> **Material provided**:
···

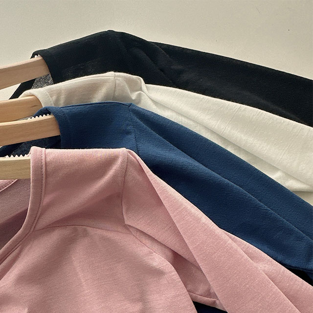 スリットリボンシャーリングクロップド長袖Tシャツ
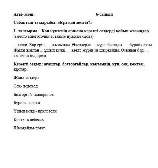 Көктем келді. Қар еріп, күн жылынды. Өзендерде сең жүре бастады, ағаштар бүршік атты. Жылы жақтан құстар ұшып келді, бозторғайлар көкте жүріп ән шырқайды. Осының бәрі көктемнің келгенін білдіреді.
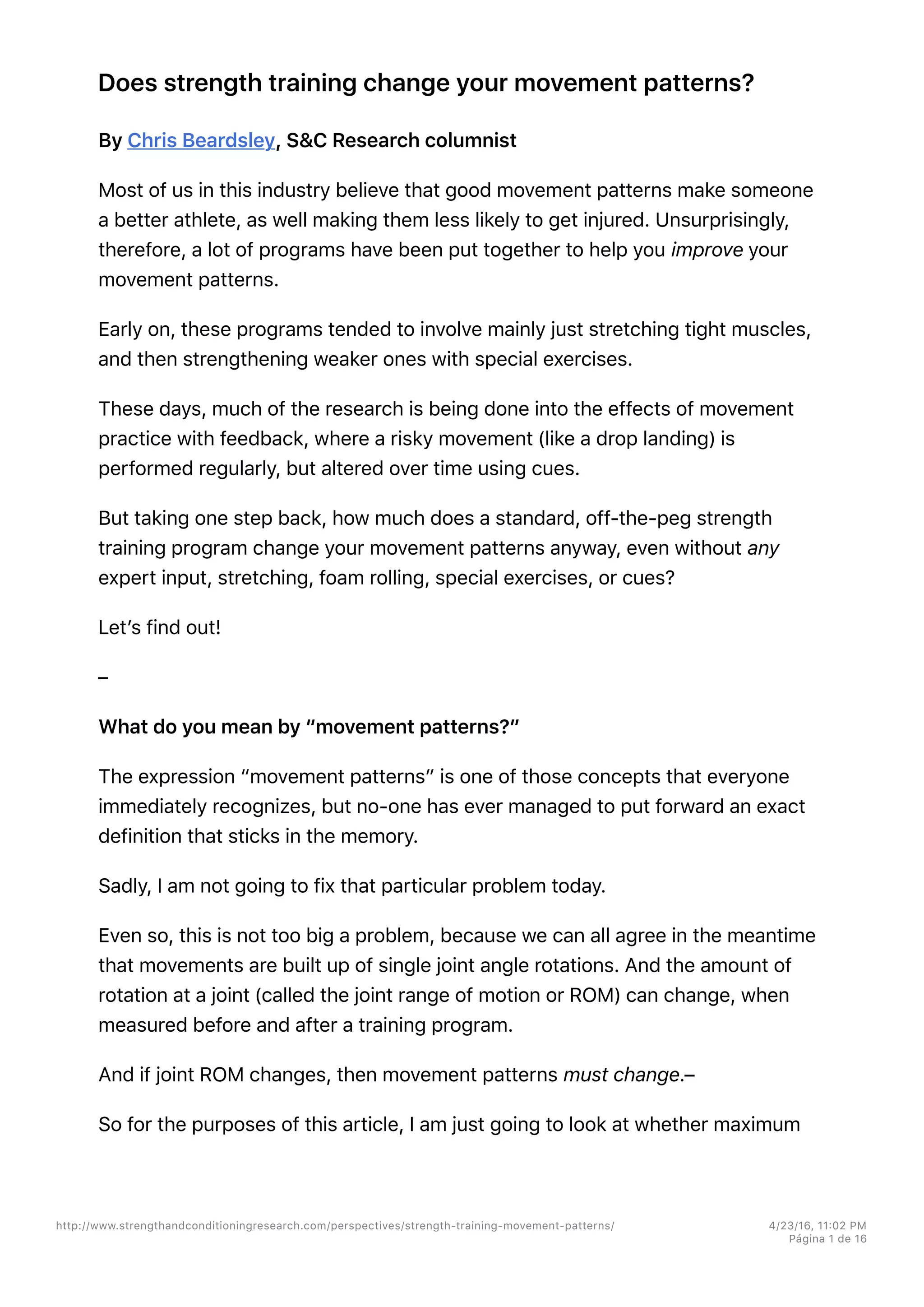 The document examines how standard strength training can influence movement patterns, particularly focusing on the knee and hip flexion during drop jumps. It highlights that while strength training may improve knee and hip flexion, thereby potentially reducing injury risk during landing, it generally does not affect knee valgus unless combined with feedback or practice. The research suggests that a standard strength training program can be beneficial, but more investigation is needed to understand its efficacy in altering movement patterns without additional interventions.

···

> **Task details**: Pictures are not part of the copy; retype all the other material exactly.

> **Task answer**:
 スリットリボンシャーリングクロップド長袖Tシャツ
 Көктем келді. Қар еріп, күн жылынды. Өзендерде сең жүре бастады, ағаштар бүршік атты. Жылы жақтан құстар ұшып келді, бозторғайлар көкте жүріп ән шырқайды. Осының бәрі көктемнің келгенін білдіреді.
 The document examines how standard strength training can influence movement patterns, particularly focusing on the knee and hip flexion during drop jumps. It highlights that while strength training may improve knee and hip flexion, thereby potentially reducing injury risk during landing, it generally does not affect knee valgus unless combined with feedback or practice. The research suggests that a standard strength training program can be beneficial, but more investigation is needed to understand its efficacy in altering movement patterns without additional interventions.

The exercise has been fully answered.